# Task material
========================================

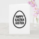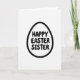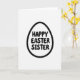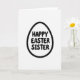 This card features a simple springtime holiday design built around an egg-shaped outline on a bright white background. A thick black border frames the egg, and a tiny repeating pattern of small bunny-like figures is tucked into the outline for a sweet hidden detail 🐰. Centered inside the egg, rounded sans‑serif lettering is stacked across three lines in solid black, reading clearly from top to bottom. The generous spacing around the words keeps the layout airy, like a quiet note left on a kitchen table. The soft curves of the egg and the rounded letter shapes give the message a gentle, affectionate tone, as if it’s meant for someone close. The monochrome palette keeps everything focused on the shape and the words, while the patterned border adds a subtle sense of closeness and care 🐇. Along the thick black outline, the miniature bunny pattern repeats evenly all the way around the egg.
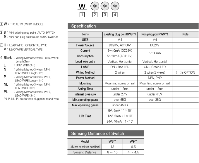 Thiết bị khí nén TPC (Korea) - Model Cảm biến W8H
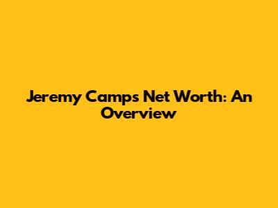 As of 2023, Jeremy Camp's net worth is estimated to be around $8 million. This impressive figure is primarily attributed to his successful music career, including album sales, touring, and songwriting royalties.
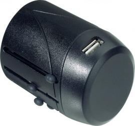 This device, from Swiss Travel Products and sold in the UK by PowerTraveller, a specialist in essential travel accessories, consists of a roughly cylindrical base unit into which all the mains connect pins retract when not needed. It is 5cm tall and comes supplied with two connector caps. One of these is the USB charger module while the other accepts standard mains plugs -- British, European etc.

========================================

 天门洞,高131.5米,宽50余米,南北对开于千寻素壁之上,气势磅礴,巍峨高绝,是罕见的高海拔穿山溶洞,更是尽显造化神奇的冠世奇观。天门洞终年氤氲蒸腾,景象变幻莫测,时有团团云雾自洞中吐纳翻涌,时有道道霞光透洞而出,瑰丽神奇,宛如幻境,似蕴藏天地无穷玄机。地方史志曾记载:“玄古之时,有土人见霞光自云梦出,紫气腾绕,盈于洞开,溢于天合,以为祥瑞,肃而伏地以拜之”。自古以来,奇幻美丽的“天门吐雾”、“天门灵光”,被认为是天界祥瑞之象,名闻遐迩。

========================================

# Task to complete
Starting at the line with "As of 2023, Jeremy" and finishing at the line with "This device, from", copy the material above exactly, both lines included. Nothing else goes in, and no pictures.

# Task answer
 As of 2023, Jeremy Camp's net worth is estimated to be around $8 million. This impressive figure is primarily attributed to his successful music career, including album sales, touring, and songwriting royalties.
 This device, from Swiss Travel Products and sold in the UK by PowerTraveller, a specialist in essential travel accessories, consists of a roughly cylindrical base unit into which all the mains connect pins retract when not needed. It is 5cm tall and comes supplied with two connector caps. One of these is the USB charger module while the other accepts standard mains plugs -- British, European etc.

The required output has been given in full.